For more helpful information about helping young children
deal with tragic events in the news, visit the PBS
kids Web site.
Help elementary children deal with frightening events
A recent study by the Kaiser Family Foundation found that
children from ages eight to 17 spend an average of nearly six and a half hours
a day engaged in media use, often using two or more forms of media at once (watching
TV and text messaging a friend, playing a video game and listening to an MP3
player, and so forth).
Eight- to 12-year old children are saturated with media of
all kinds, from music to television to the Internet to video games. Because they
are usually quite savvy about using media, it's easy to forget that the content
they are taking in may be overwhelming. When a tragedy such as the Virginia Tech
shootings takes place, children are exposed to a barrage of information from
all sides.
Elementary children are interested in information of all
kinds. At home and at school, they are exposed to facts about a whole range of
topics that touch their lives. But unlimited access to media may expose them
to both information and misinformation, leaving them vulnerable to feelings of
fear, anxiety and uncertainty. They need the help of parents, teachers and other
caring adults in evaluating the flood of information they are receiving and in
assessing their own feelings. In addition to the tips listed above, here are
some additional tips for helping older children deal with frightening situations.

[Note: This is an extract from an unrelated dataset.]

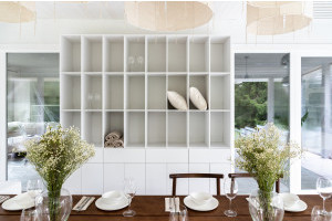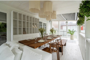 В центре веранды обосновалась столовая с большим обеденным столом из слэбов горного тополя, за которым теперь с легкостью разместятся все гости. Необычное, но при этом органичное соседство изящных стульев и массивных лавок позволит каждому найти себе место по душе. Оригинальные светильники над обеденной зоной будут создавать тёплую домашнюю атмосферу. Функциональным дополнением столовой зоны стал шкаф, в котором можно будет хранить вещи необходимые для посиделок на веранде: пледы, подушки, посуду. Внушительный стеллаж был выполнен по эскизам автора проекта из березовой фанеры повышенной прочности со специальным покрытием под покраску – SyPly PRIMER. Материал облицован специальной защитной бумагой, позволяющей окрашивать изделия сразу без дополнительной подготовки поверхности. Влагостойкий материал подходит в том числе и для улицы, так что опасаться за сохранность мебели не придётся.

Limit and monitor media exposure
If your child has a computer in his or her room, be extra
vigilant in monitoring Internet use. After any tragedy of the magnitude of the
recent shootings, cyberspace quickly fills with not only legitimate news accounts,
but also with rumors, speculation and downright strange postings. Be particularly
aware of the debates that may rage over the merits of gun ownership or gun control,
or the kinds of racist comments that may be posted in chat rooms about the shooter.
If there is a TV in your child's room, or if the TV is routinely
on for most of the family's waking hours, make a point of watching TV coverage
with your children. Be alert to questions a child has or comments he or she may
make. After watching ask: What do you think? What person did you see offering
help or assistance? Tell your children that Presbyterian Disaster Assistance
has people in Blacksburg to provide support and assistance, and that the churches
in that area are responding to the needs of those affected by the shootings.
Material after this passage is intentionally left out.